Set the material down again exactly, line by line, skipping each picture.
── Given material
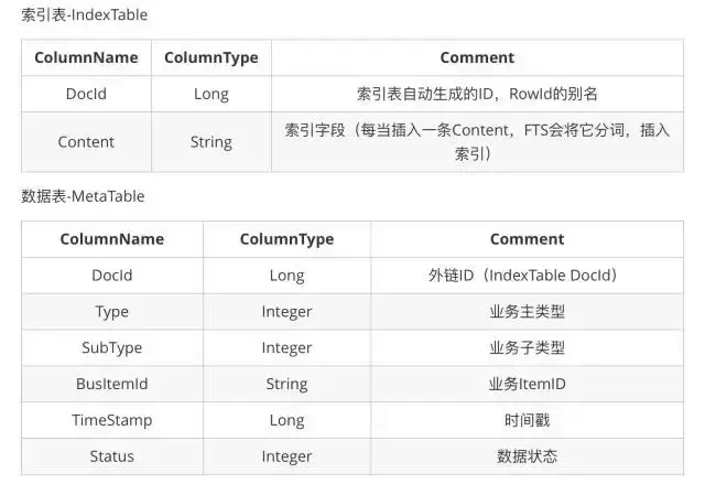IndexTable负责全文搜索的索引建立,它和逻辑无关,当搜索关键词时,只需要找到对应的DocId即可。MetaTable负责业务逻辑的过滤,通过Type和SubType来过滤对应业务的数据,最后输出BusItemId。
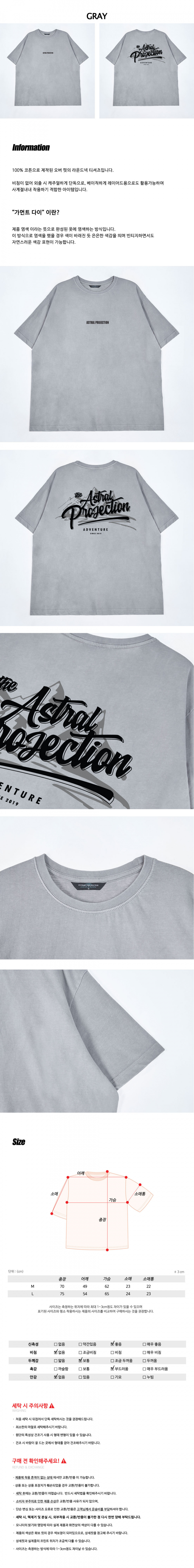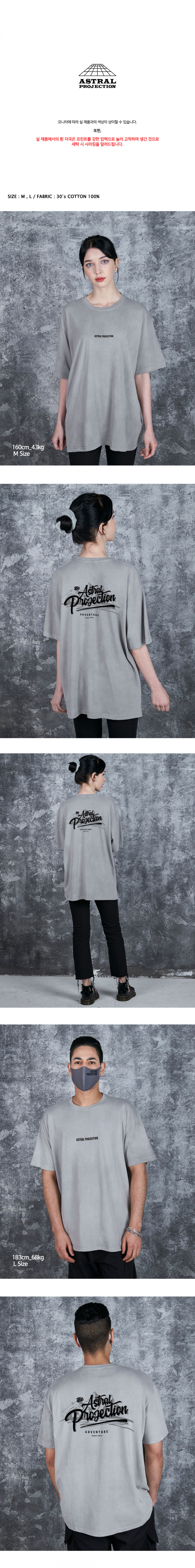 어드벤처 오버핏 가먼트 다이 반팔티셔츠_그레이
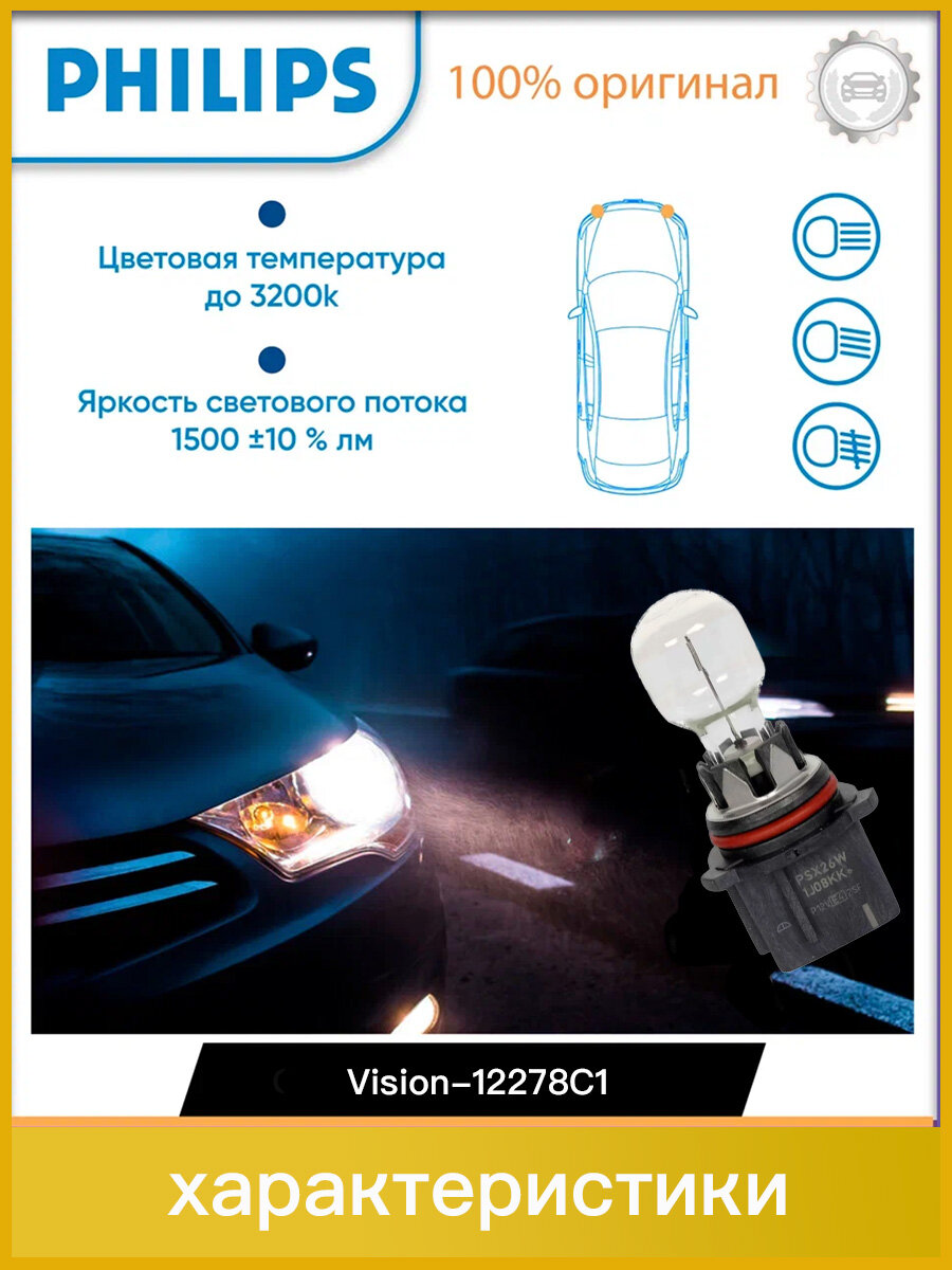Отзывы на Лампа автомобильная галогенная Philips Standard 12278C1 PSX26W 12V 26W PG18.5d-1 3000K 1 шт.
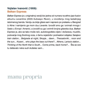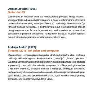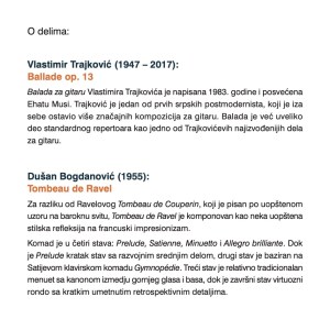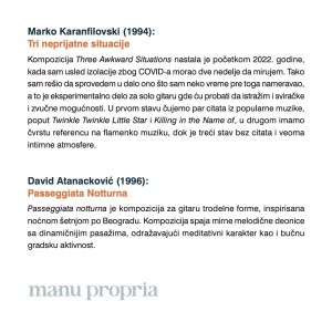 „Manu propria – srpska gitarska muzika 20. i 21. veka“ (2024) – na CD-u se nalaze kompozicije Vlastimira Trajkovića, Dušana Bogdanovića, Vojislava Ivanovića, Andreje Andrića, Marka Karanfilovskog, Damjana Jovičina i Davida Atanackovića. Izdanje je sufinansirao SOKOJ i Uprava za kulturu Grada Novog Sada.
────
◆ Exercise answer:
IndexTable负责全文搜索的索引建立,它和逻辑无关,当搜索关键词时,只需要找到对应的DocId即可。MetaTable负责业务逻辑的过滤,通过Type和SubType来过滤对应业务的数据,最后输出BusItemId。
 어드벤처 오버핏 가먼트 다이 반팔티셔츠_그레이
Отзывы на Лампа автомобильная галогенная Philips Standard 12278C1 PSX26W 12V 26W PG18.5d-1 3000K 1 шт.
 „Manu propria – srpska gitarska muzika 20. i 21. veka“ (2024) – na CD-u se nalaze kompozicije Vlastimira Trajkovića, Dušana Bogdanovića, Vojislava Ivanovića, Andreje Andrića, Marka Karanfilovskog, Damjana Jovičina i Davida Atanackovića. Izdanje je sufinansirao SOKOJ i Uprava za kulturu Grada Novog Sada.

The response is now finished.